很早就想写一些关于读书的点点滴滴,但或者因为心情或者是因为琐事每每被搁置。
仔细回想起来我还是一个颇好读书的人,也许这与小时候逃避劳动有关,所以总喜欢以学习和看书来搪塞。但看书毕竟成为一种习惯与爱好了。袁才子说过书非借不能读也,记得第一本书,小人书确切的说是在几个村子合校后的第一年。那时我大约上三年级,当时还是不认识的新同学供给我看的,名字就中“宦娘”,至于内容是什么,可确实是真的忘记了。
现在回想起来,在小学我看过最好的两本书当然是《聊斋》和格林童话了,我现在不能确定当是不是能看懂,但确实就那样看了,而且我是一个看书非常快的人。真到高中时候,我才为自己的这种阅读方式找到依据,即是《三国志》中徐庶、诸葛亮等几个从水镜先生读书,茯余人务必细致而亮独观其大略。不过现在想起来,真的是怡笑大方了。
我的日记习惯是从初中开始的,而当时我最喜欢看的或者说是当是流行的刚主要是梁羽生\金庸等的武侠小说,诸如冰川天女传、七剑下天山、碧血剑、白发摩女传等。其实好多我都未真正看完,当时仿佛有些不懂的感觉。这一课到了大学才真正被齐。直到高中的时候,或者是因为环境的关系,看小说散文比较多,但却只是那些现时的杂志为主。真正有什么名家的东西,仿佛主要看的便是《红楼梦》、《三国演义》、《水浒》仿佛也看过。因为当时学校有图书馆,所以也看了许多近现代的小说,但其实大多忘记了。
但是或者当时正是年轻,或者我本身有时候就掺一点自以为是。记得在小学时候,一天我在路上检了两三块钱,却并没有交共。当然因为在村子路上也无从交共,我没有买吃的玩的,就买了几本《武林》,说起来真可笑。初中时候,我有一点零花钱就爱买那种叫《奥秘》的杂志,不知道现在还有没有。印象最深是刚考上县一中,我花5块钱买了一本书,大16开,很厚的一本,怕是任谁也想不到,它的名字叫《通俗天文学》,又花二块五角买一本旧书是关于发散思维解数学题的。那时候的情境正如多年以后我居然买了一本《古玩指南》,让同事哂笑不已。
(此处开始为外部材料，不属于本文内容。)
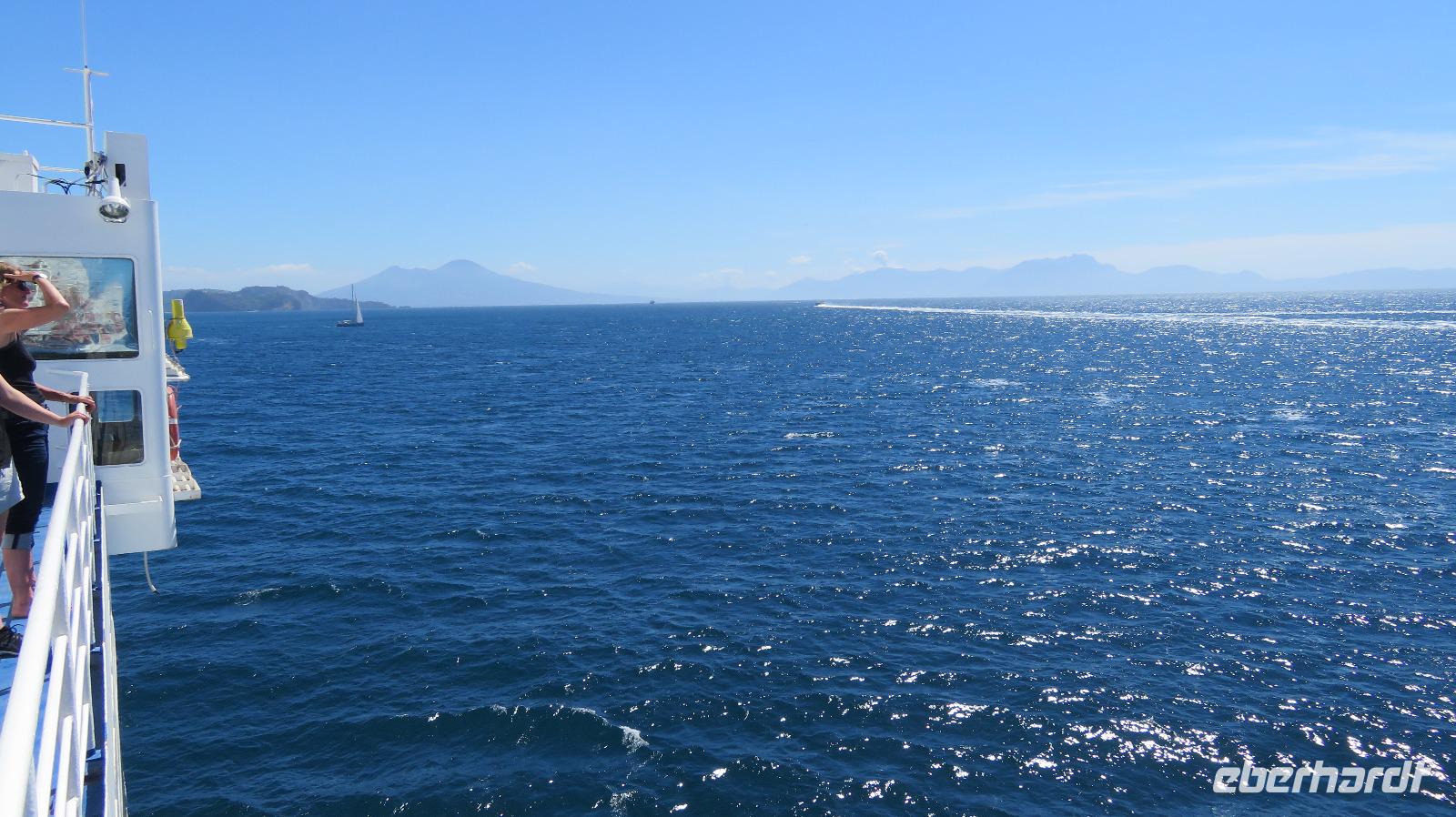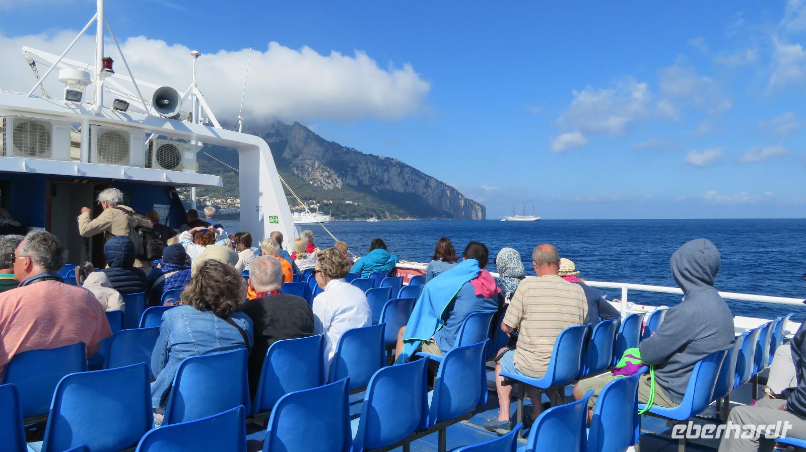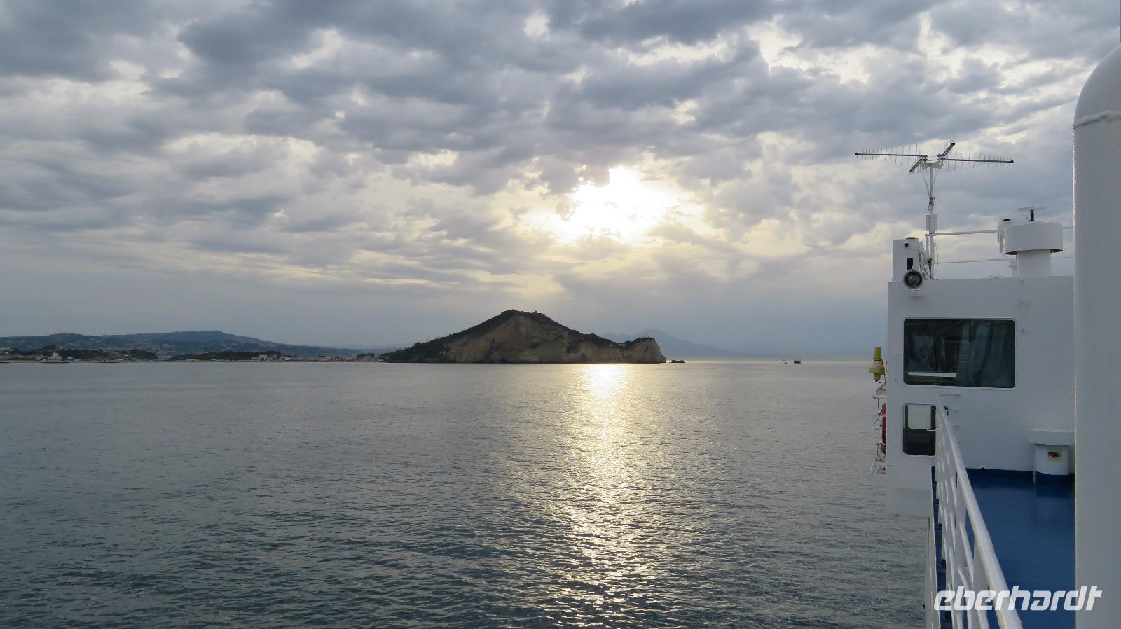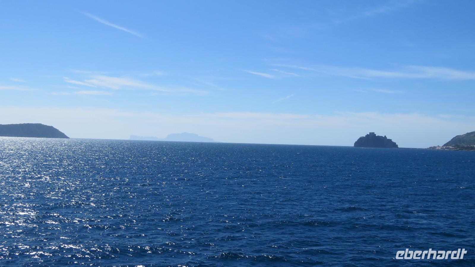 Wieder im Hafen, kommt gleich unser Schiff nach Ischia und wir genießen noch einmal die Überfahrt auf dem herrlich glatten Meer.

因为我从不搞这个,而他则是世家。
在县一中的那三年,除了因伙食使我的体重没有半分增加外,老师、同学都真的很好。看书的过程也煅炼了我的习惯,在街道书摊上摆好多书,有些故事书可以翻,而解题的书是需要买的。然而有时候因为一本书可能只有一道题让我感兴趣,我就全凭记忆将它记在脑中,如果半路忘记了,则又翻回头,再看一遍。那时候我是很骄傲于我的记忆的,或者这也是一种煅炼记忆的方法。我以县上姨婆家看四五个小时,一本《李自成》就基本全部记在脑中了。
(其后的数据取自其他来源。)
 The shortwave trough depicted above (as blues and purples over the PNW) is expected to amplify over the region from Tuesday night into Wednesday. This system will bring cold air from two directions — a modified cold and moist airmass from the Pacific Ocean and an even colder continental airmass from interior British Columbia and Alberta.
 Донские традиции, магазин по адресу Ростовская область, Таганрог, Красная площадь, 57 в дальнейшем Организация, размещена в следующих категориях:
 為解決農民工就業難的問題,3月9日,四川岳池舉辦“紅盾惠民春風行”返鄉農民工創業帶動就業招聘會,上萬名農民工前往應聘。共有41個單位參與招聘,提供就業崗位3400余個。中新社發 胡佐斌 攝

大学四年看的书算是最杂的,那时候已经培养了我近十年的日记习惯,但其实我还是一个很浅薄的感性记录者。但是图书馆为我提供了好多时间和机会。当时流行的一些小说总是被我用一晚上,或者两三天看完,大海量的武侠也是在这个时候完成的。但是幸而我还看了一些有用的,比如希腊罗马的神话故事、比如西方的美学、中国古诗词的意境与美学,专业图书其实倒是很少看,最疯狂的莫过于对爱因斯坦相对论科普者霍金对广义相对论的书,甚至因此还看了好久非欧几何,然后有一阵子对基本粒子,比如测不准理论等进行研习。那时候我才知道达芬奇不仅是一个画家,还是一个科学家,更是一个私生子,据说私生子聪明是从那时候我开始印象的。文学方面的我最喜欢看的是近现代作家的散文和诗歌,曾经专门买过一本散文,收录了鲁迅、林语堂、冰心、常遇春、沈逢文等现代大家的散文集,还有一本近现代的诗集。还有便是当时一些名家的散文集,还记得名字就叫做《群山之上》,可惜三本书有两本都被人借去而不还了。好多散文诗歌我都抄录在本子上如卞之琳的断章,还有不知道谁的扇贝好多。那时候其时最喜欢是鲁迅的文章,喜欢那种鞘拔不平之气。
毕业之后,才慢慢接触到张爱玲,那下一级一个同学的,她笔下眼中“悲凉的人生”。再后来又看到梁实秋《雅舍小品》,才知道先生的文章具有鲜明的时代气息,而雅舍则是对人性的一种描写和剖析,是不变的人性。虽然少了些刀剑气,却是能和现在的人心情相配合的。那时候也才接触到丰子凯,认真阅读了路遥。工作之后在读书上其实懈怠了许多。当然因为工作关系也看过许多关于管理和专业技术的书。但总体上还是少了,懒散了,仿佛只是在消化利用原有的积累。常有朋友推荐我看某类书,但其实我已然困顿。
最近因为方向性问题有人推荐我几本书,我为应试而读,但却还是有所心得,世界仿佛并不是缺少答案而是缺少践行者,一种理论,一种理想,如果你确认那是对,是有价值的,它一定会开出应有的花来。读书或者也是一个人个性的反映,读什么书做什么事。为官的人看曾家家书,看资治通鉴,年厚黑,而我往往在两个极端行走,一种是严谨一种是散漫,但两者都有一个共同点,那就是与现实而言,太虚幻。或者这正是我个性深处的症结所在吧!